Avey Williams Johnson, the protagonist, is a middle-aged African American widow with adult children. She lives in a large and comfortable suburban home in prosperous North White Plains, a suburb of New York City. A supervisor in the state motor vehicle department, she dresses well, eats well, and enjoys all the pleasures of a hard-won upper-middle-class lifestyle.
Avey embarks on an expensive Caribbean cruise on the Bianca (white) Pride with two friends, also widows, and six pieces of matched luggage filled with her well-chosen wardrobe, but a few days into the cruise she succumbs to her feeling of increasing unease and decides, for reasons she cannot explain, to jump ship off the coast of the island of Grenada. She plans to fly back to New York as soon as possible.

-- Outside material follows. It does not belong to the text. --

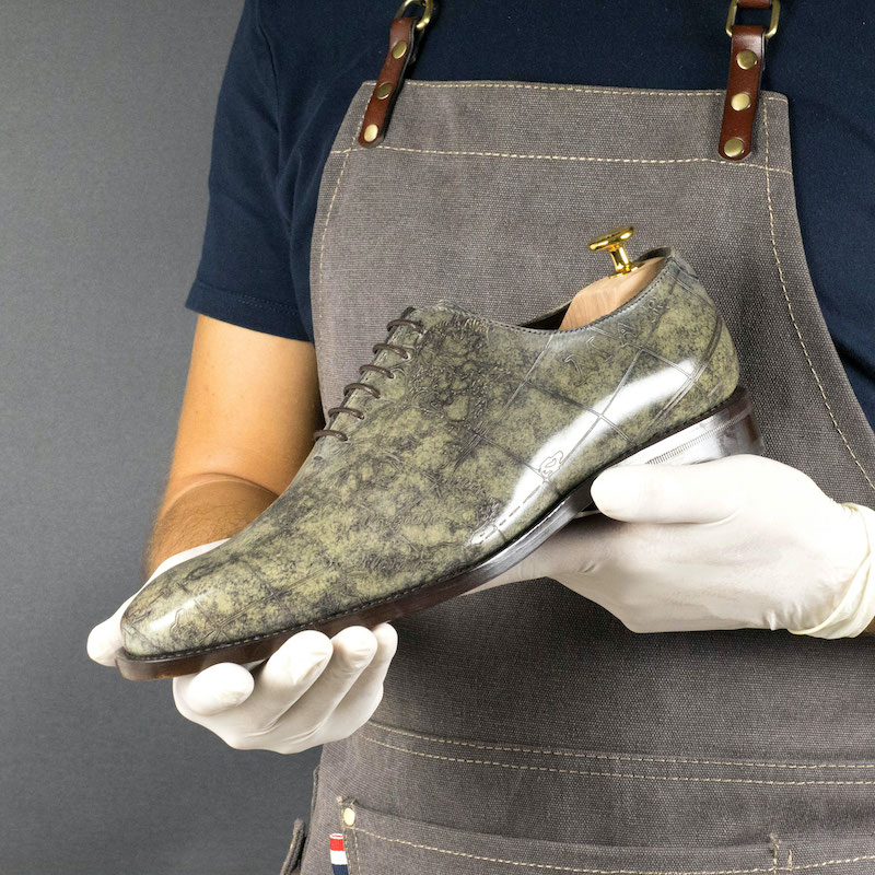 Goodyear welted pair of wholecut shoes, featuring an antique map illustration, which is laser engraved on the crust calf leather.

A few days earlier, she had dreamt about her great-aunt, whom Avey visited on Tatem Island in North Carolina during childhood summers. The old woman told stories of the landing of enslaved people. Avey is disturbed by the dream, but she doesn’t connect it to her sudden impulse to abandon her cruise and the ship.
Arrival on Grenada
Avey arrives in Grenada to find “a crowd of perhaps two hundred men, women and children … clearly from the more respectable element on the island” who pay her no attention as they stream onto a waiting line of schooners and sloops. She learns that there are no more flights to New York until late the next day; her taxi driver tells her that the people she saw boarding boats were headed for Carriacou, an island “so small scarcely anybody has ever heard of it.”
Avey checks into the best tourist hotel in Grenada and the next day she goes for a walk along the beach. Finding herself disoriented and lost, she encounters an old man, Lebert Joseph, who is about to embark on the same expedition to Carriacou as the people she saw the day before.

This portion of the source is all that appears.